Но ведь этот человек… Как же допустить, чтобы этот человек и дальше жил на свете? Дыхание его — нестерпимый вызов. Как допустить, чтобы он жил и завтра, когда настанет день, чтобы утром проснулся этот человек, который тебя избил до полусмерти, швырнул, будто тряпку, на землю, человек, который видел, как ты рыдал от боли и унижения, а потом посмел подхватить тебя, словно старший брат, и поволок с презрительной жалостью?.. Как же допустить, чтобы он остался жив, и как тебе самому жить, когда тебя все бьют — и вот этот спящий, и те, из цеха подмастерьев… да еще жить изуродованным, ведь и этот рубака тоже прибавил свою отметину — вышиб зуб, и слышать угрозы и трепетать, боясь обещанной кары: «Я тебе отрежу уши, слышал?
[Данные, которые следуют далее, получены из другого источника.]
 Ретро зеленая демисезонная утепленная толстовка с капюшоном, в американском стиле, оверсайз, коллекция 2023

Начисто отрежу. Только нос у тебя и останется, обезьяна ты мерзкая!..» «Нет, убить его! Только смертью сотрешь такие слова. Зарезать как свинью. Пусть хлещет кровь. И пусть он кричит, пусть… Что мне, в конце концов? Наплевать! Арестуют, казнят. Наплевать. Зато услышу, как он будет выть от боли, от ужаса, от страха, от того, что не хочет умирать и все-таки умрет… А потом — будь что будет!» Рука сжимает рукоятку ножа, короткую круглую рукоятку, нож поднят, убийца метит в грудь, ищет в черном мраке место, то место, где сердце… Но ничего не видно, а ведь ненавистный тут, ошибиться нельзя — лежит вот и спит (крепко спит!), дыхание со свистом вырывается у него из ноздрей и из глотки (должно быть, рот немного открыт у пса проклятого), дышит тяжело, даже вздохнул и застонал… Надо бить наверняка. Ну, ударь ножом, ударь же, трус поганый! Или ты не понимаешь, что хочешь увильнуть, не смеешь нанести удар?
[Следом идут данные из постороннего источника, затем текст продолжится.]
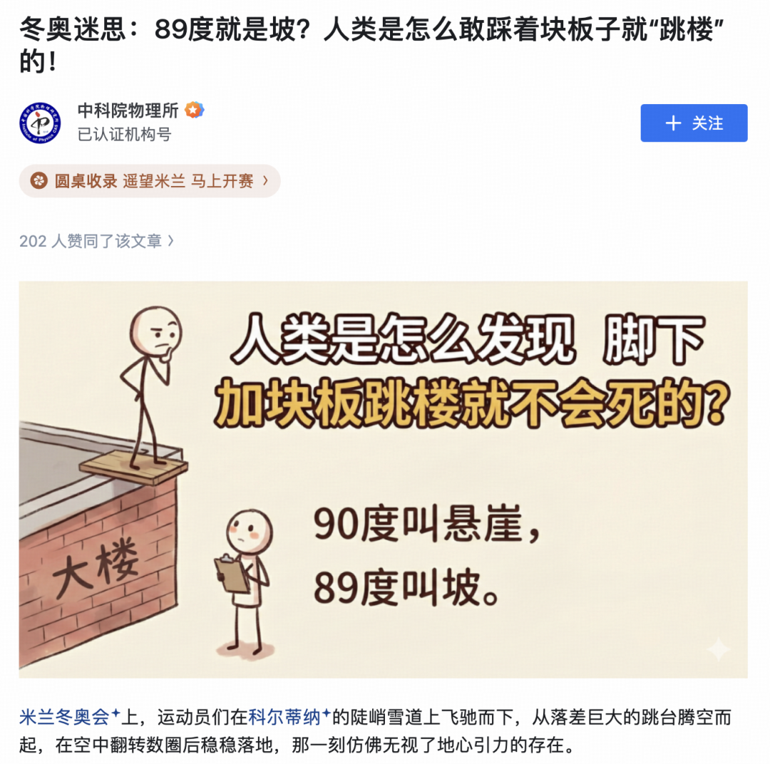 89度就是坡?人类是怎么敢踩着块板子就“跳楼”的!面对这个“人类怎么敢踩着板子跳楼”的冬奥迷思,引得了中科院物理所的亲自下场科普:运动员以高速撞向地面,速度在千分之几秒内降为零,作用时间极短,冲击力会瞬间爆表——这就是为什么“90度叫悬崖”,跳下去必死无疑。

А Теодор не чувствует близости убийцы. Не видит безумного взгляда, устремленного на него, не замечает, как левая рука ночного гостя тянется к нему, хочет, наглая, пролезть за пазуху, просунуться под сорочку, коснуться обнаженной груди, ощупать, сосчитать ребра, найти роковое место… Теодор спит, и снится ему сон. Может быть, все это он видит во сне, а то, право, не верится, что Фирмен мог проникнуть сюда совершенно бесшумно и так долго стоять, погрузившись в свои свирепые мечты. И почему, в самом деле, Фирмен, если уж он замыслил убийство, не повернул на площадке лестницы в другую дверь, чтобы убить соперника? Мотивы, которыми он сам это объяснял или которые склонен был приписать ему читатель еще прежде, чем у нас зашла об этом речь, объяснимы только логикой кошмара, в них нет ни малейшей реальности. Так же, впрочем, как и во всей этой ночи: в ней все противоречит здравому смыслу — и это приключение при лунном свете, и кладбище, и кустарники, и неправдоподобное сборище каких-то выдуманных людей, которые держат немыслимые речи при фантастическом свете факелов! Почему они собрались ночью, да еще при таком ветре? А если бы дождь пошел? Бросьте, это ни в какие ворота не лезет.